La baza de utilizar a Audrey Tatou como protagonista va más aún en su
contra, puesto que el cinéfilo no deja de añorar Amelie (2001), en la que Jean-Pierre Jeunet supo extraer lo mejor
de sí mismo y, al modo en que había hecho junto a Marc Caro en Delicatessen (1991), ofrecer una
grandiosa sinfonía de colores, sonidos, hechos insólitos, sorpresas,
conteniéndose cuando era necesario para no crear disonancias, armonizando el
conjunto, atendiendo a la superficie y al fondo, sin olvidar el objetivo
fundamental: contar una historia.

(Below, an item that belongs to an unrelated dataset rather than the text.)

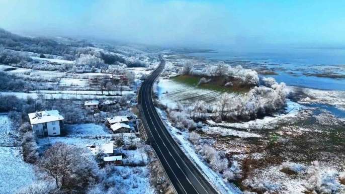 Ladik Gölü, kar yağışıyla beyaz gelinliğini giydi
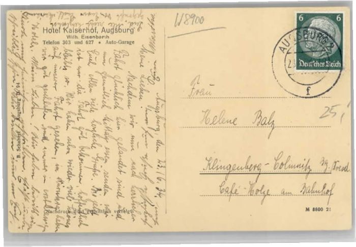 40641053 AUGSBURG CITY Hotel Kaiserhof postalisch gelaufen Alte Ansichtskarte Postkarte alte Postkarte Katcode 11110009761000

Aquí, a pesar de que Boris Vian aporte su
genio (con una obra que, por cierto, no tuvo éxito en vida del autor y que, en
realidad, es más para leerla, para sentirla, que para contarla -es difícil
resumirla en palabras: la propuesta queda en nada al intentar contar la trama,
se trata de lanzarse a la lectura-), Gondry nos presenta una cotidianeidad
llena de artilugios, bailes que estiran las piernas, ratones que se comportan
como los de las películas de Disney, innumerables ocurrencias que se suceden
las unas a las otras hasta provocar hastío porque resultan sólo eso: chispazos,
ingenios que buscan provocar una efímera sorpresa ya que en seguida hay que
atender a lo siguiente, deviniendo el conjunto en una rutina agotadora que
despega al espectador de lo que sucede en la pantalla, a pesar de que Tatou
despliega sus encantos (muy similares, es cierto, a los del personaje que le
dio fama) y que Romain Duris se aplica por ofrecer una imagen desenfadada,
fresca, simpática (es un actor que, en la mayoría de las ocasiones, está muy
por encima de los filmes que interpreta); junto a ellos, Omar Sy dejando claro
que, haga lo que haga, siempre va a ser como el rol que asumió en Intocable (2011) –y que le valió un
César del que nunca se arrepentirán lo suficiente-. Es una auténtica lástima
que el primer (y tal vez único) acercamiento que muchas personas hagan a la
obra de Boris Vian sea a través de esta cinta sin garra, sin pasión, que confía
todo a las gracietas de su director, a lo epatante por lo epatante, a lo que se ve como forzado, como metido con calzador, sólo se aplica en lo visual e incluso en ese terreno
naufraga estrepitosamente al no saber dotar a cada secuencia de auténtica
gracia, del artificio necesario para sorprender y alucinar (detalle que, por
cierto, le viene como anillo al dedo al señor Vian).